Process industries are characterized by intense use of raw resources and energy, thus providing a context where even small optimizations can lead to savings both in terms of economic and environmental costs. This is especially true for specific industrial processes such as aluminium smelting or injection moulding, characterized by production in high volumes divided among distributed production units, across several lines, plants or even sites.
Predictive modelling techniques can be especially effective in optimizing processes in such context, but their application is not straightforward for several reasons including e.g. the high cost of integrating new sensors or actuators into legacy production, difficulties in monitoring physical parameters in harsh conditions, interoperability issues, difficulties in application fusing and correlating information collected at different SCADA levels, challenges in defining KPIs, etc. As a consequence, the deployment of model-based predictive functions in such production environment at a sustainable cost or with sufficient reliability is not always feasible, resulting in optimization potentials remaining untapped.

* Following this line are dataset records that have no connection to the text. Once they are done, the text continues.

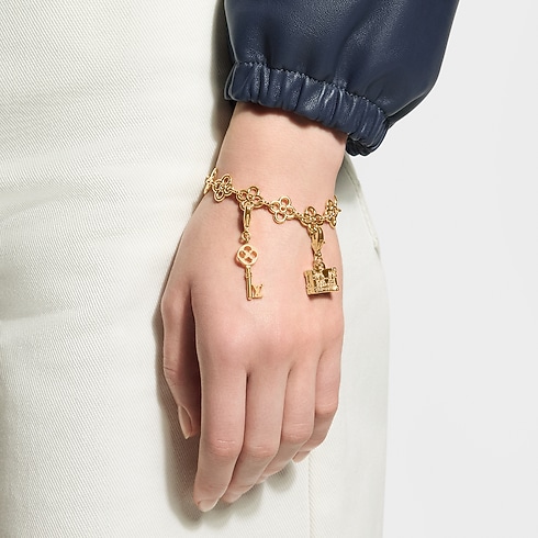 Das LV Charms Armband aus glänzendem, goldfarbenem Metall ermöglicht es jeder Trägerin, ihren ganz persönlichen Stil zu kreieren. Für sich genommen elegant, kann die Kette mit Monogram-Blüten auch dazu verwendet werden, Anhänger aus der ausgefallenen Accessoire Kollektion von Louis Vuitton zu befestigen. Das Ergebnis ist ein einzigartiges, besonderes Armband – eine originelle Möglichkeit, die ikonischen Signaturen des Hauses Louis Vuitton zu tragen.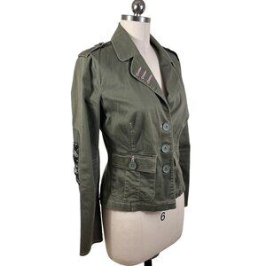 Plugg Y2K Blazer Womens Medium Green Military Utility Patch Sleeve 90s Grunge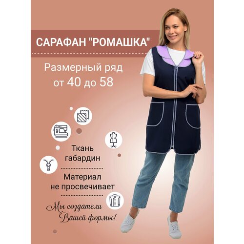 Сарафан рабочий габардин "Ромашка" т-синий/сирень 56/58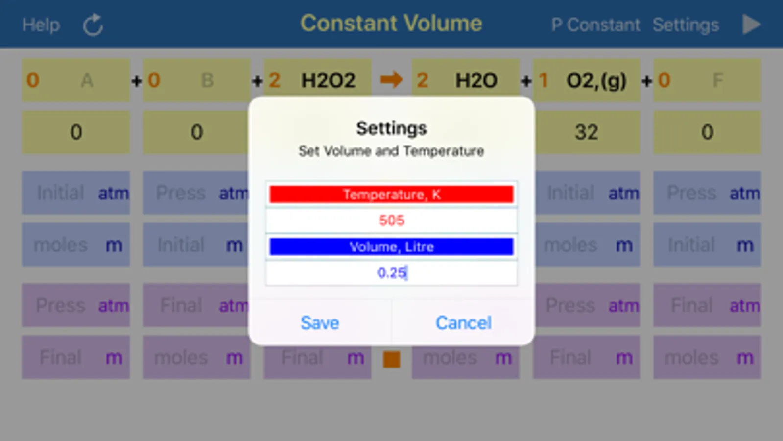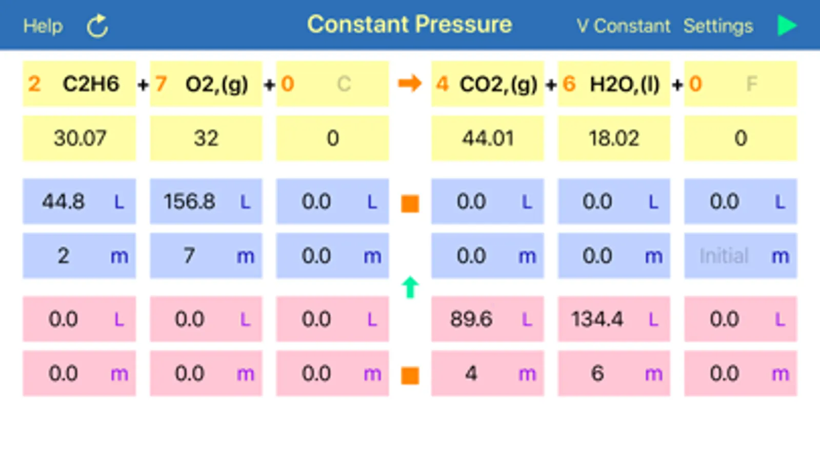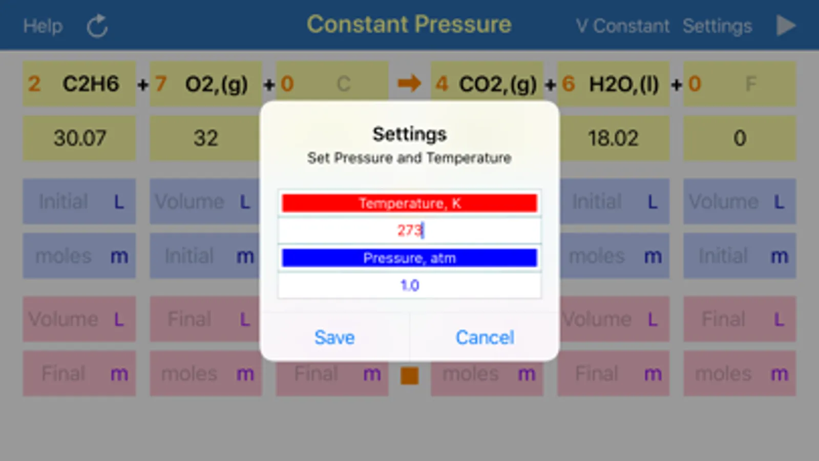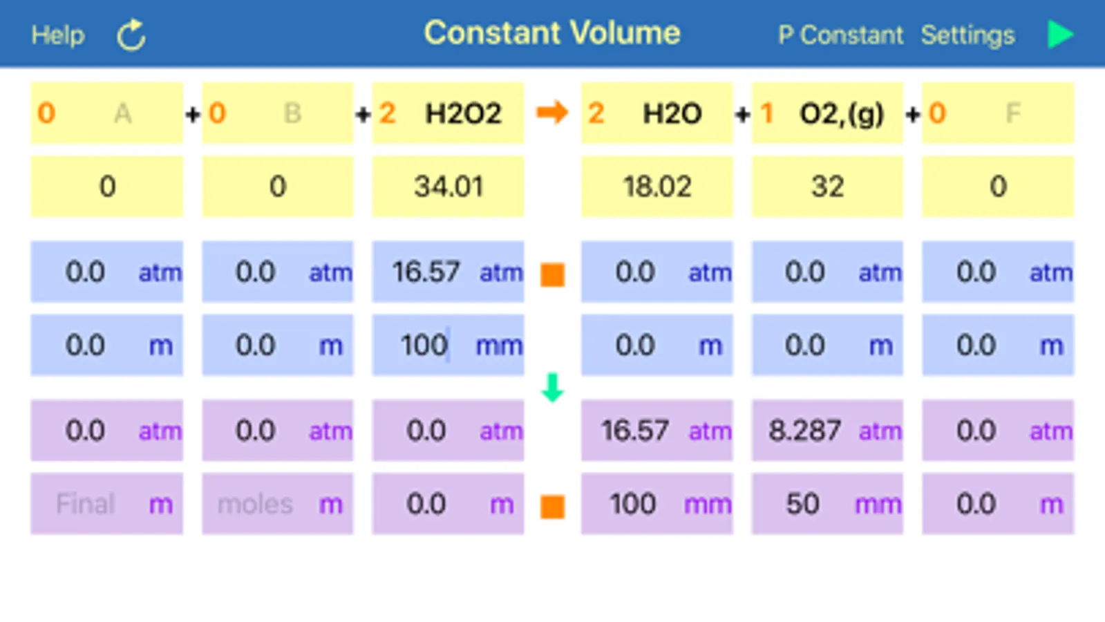 Application provides two layouts: the first is for reactions occurring at the user defined constant volume, where moles and partial pressures of compounds are calculated and the second is for reactions occurring at the user defined constant external pressure, where moles and volumes of gaseous compounds are analysed.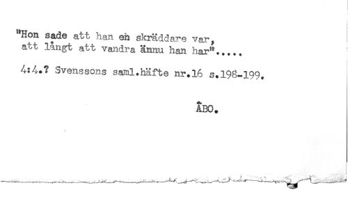 //// "Hon sade att han en skräddare var //// att långt att vandra ännu han har"..... - //// 4:4.? Svenssons saml.häfte nr.16 s.198-199, //// ABO. ////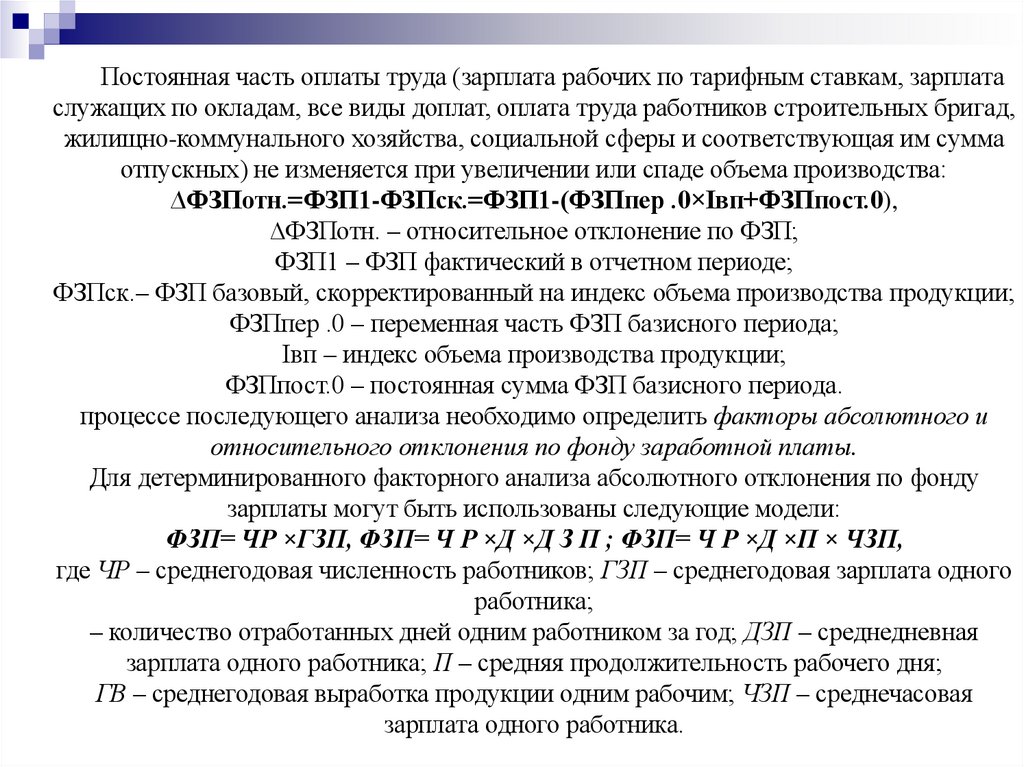 ФЗПпост.0 – постоянная сумма ФЗП базисного периода.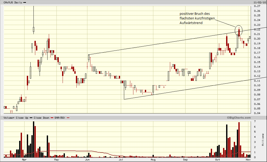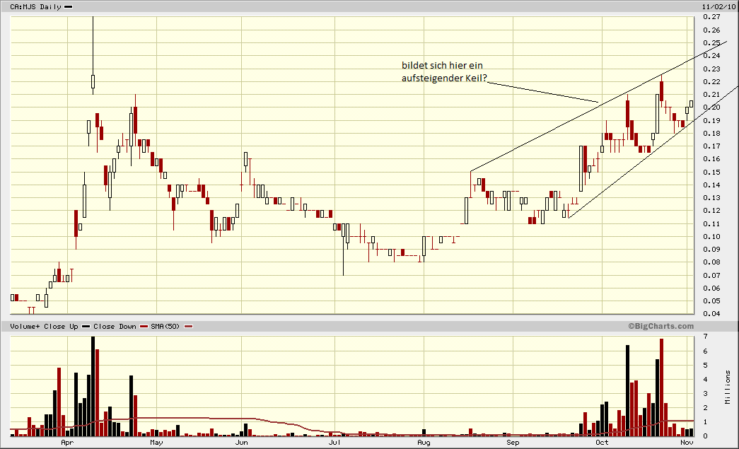 So sehe ich die Charttechnik. Für mich gibt es kein Fehlsignal! Das Chartbild aus #136 bedeutet demnach für mich: Es ist sehr wahrscheinlich, dass der Kurs in naher Zukunft wie über 0,22 CAD gehen wird, für den Bruch der Marke um 0,27 CAD gibt es sozusagen noch keine "Aussage" vom Chart! ----------- Mein Real-Depot + Einstiegskurse: MMY (A0MSJR) 0,24€ YNG (A0MVD1) 0,605€ + MJS (A0BK1D) 0,135€ |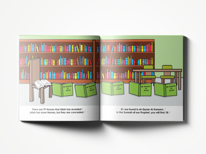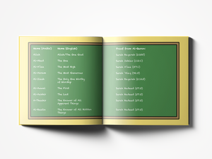 With a beautifully constructed poem, meandering its way through the book, each page reveals a significant piece of information concerning these Names and Attributes in an educational setting.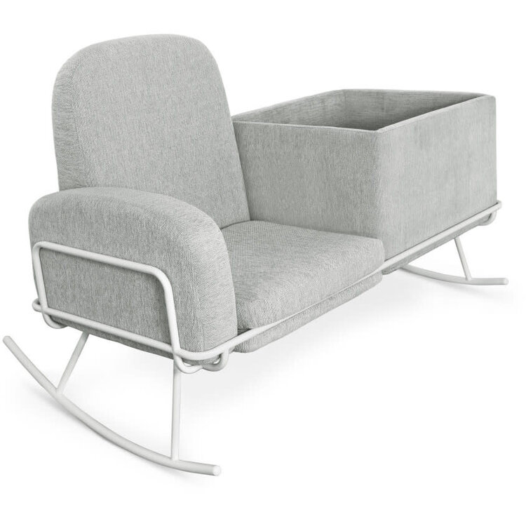 Interplay between soft, rounded wool cushions and molded powder-coated tubular steel framing balance each other, creating a streamlined finish. Ergonomic arm height supports comfortable feeding to the gentle rocking cadence of the rocker. An easy drop and tie conversion process transforms the Ami to a double seat rocker.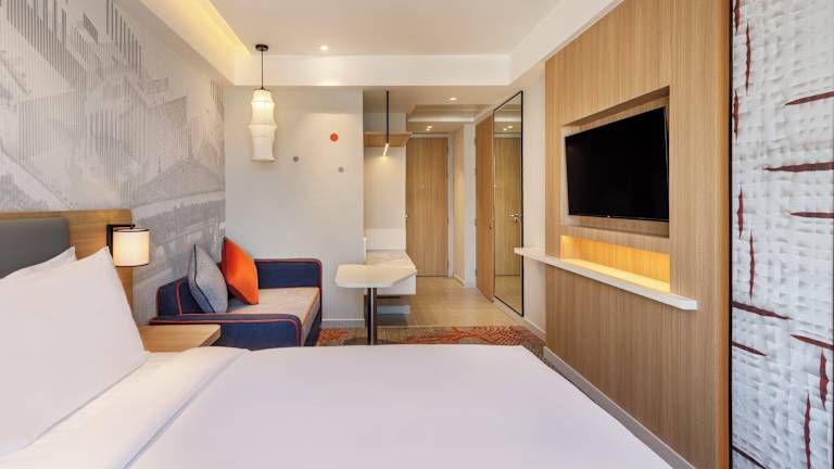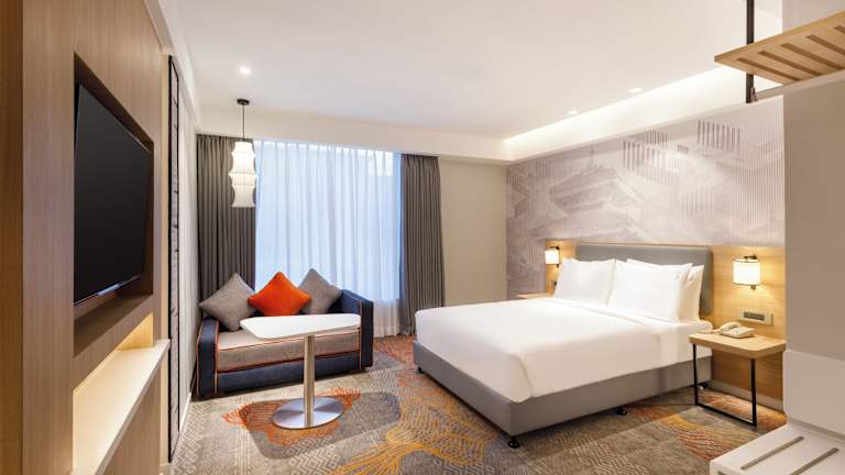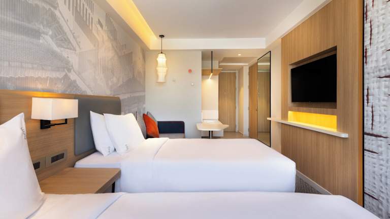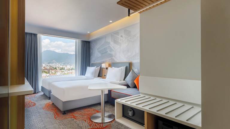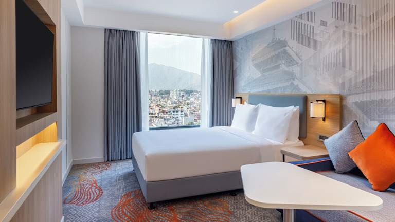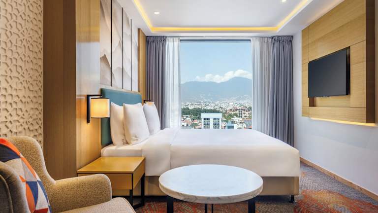 Die Zimmer sind mit einem Doppelbett oder einem Queensize-Bett ausgestattet und verfügen über kostenfreies WLAN, einen Flachbild-TV, ein eigenes Badezimmer sowie eine Minibar. Die Unterbringung bietet Familien- und Nichtraucherzimmer, wobei einige Zimmer einen Blick auf die Stadt bieten.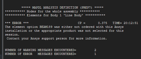 The element option BEAM189 was either not ordered with this Ansys     Â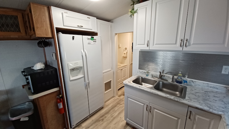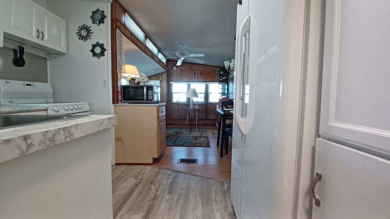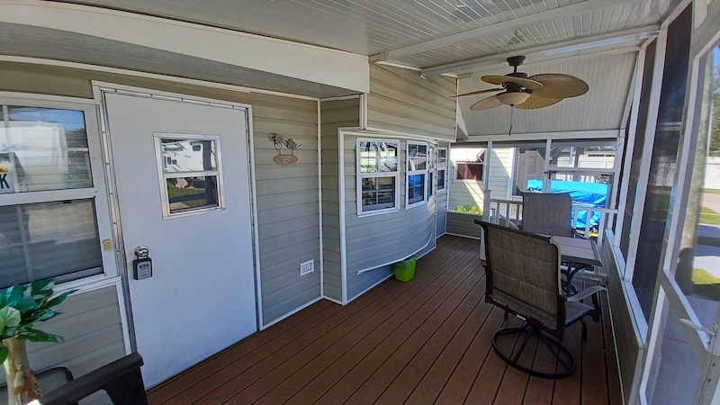 PRICE REDUCED!! Soak in the gorgeous Florida weather from your screened-in front porch, which leads into a charming sitting area and flows effortlessly into the living room, dining area, and kitchen. The updated kitchen boasts brand-new cabinets and countertops, while the renovated bathroom features a convenient shower insert with built-in seating. The generously sized bedroom fits a queen-size bed and includes ample storage with a full wall of closets and built-in drawers. There is a second room that can be used as a den, second bedroom or office area. A spacious utility room offers even more storage and comes equipped with a stackable washer and dryer. This home is a must-see located in Settler's Rest RV Resort, a 55+ active community — seller is VERY MOTIVATED! schedule your showing today!Features

In past markets characterized by lower international competition, stable demand, relatively low labour cost and high abundance of raw materials, industry was able to remain viable just through progressive improvements in production technology, organization and logistics. The change in global competition and resources availability calls instead for a drastic re-invention and re-design of production processes and sites. Enabling benefits by integrating innovations in the installed process base is a fundamental step to help process industries transitioning from the current model oriented to the production of goods by consuming resources, to newer “circular” models. In this perspective, resource, cost and environmental sustainability is considered, monitored and optimized at all times, resulting in benefits for industries and society as a whole.
MONSOON project aims at establishing data-driven methodology and tools to support identification and exploitation of optimization potentials through model based predictive controls. The data lab enables multidisciplinary teams to jointly model, develop, simulate, verify, deploy and evaluate distributed predictions and controls. This will help plants in meeting their optimization.
MONSOON achieved to develop a flexible and scalable infrastructure able to support a model-based development environment dedicated to easier the study, the creation and the test of function dedicated to improve and optimize processes. MONSOON solution has been tested by data scientists and end users in order to better align the finalization of the requirements. In fact, data scientists created new or improved existing predictive functions, regularly cooperating with the domain experts. The predictive functions for the different scenarios have been created and tested by using MONSOON platform. Nevertheless, the consortium faced and overcame several technical and not technical challenges related to the production and plant needs and schedule. All the challenges gave to the consortium many important lessons learned.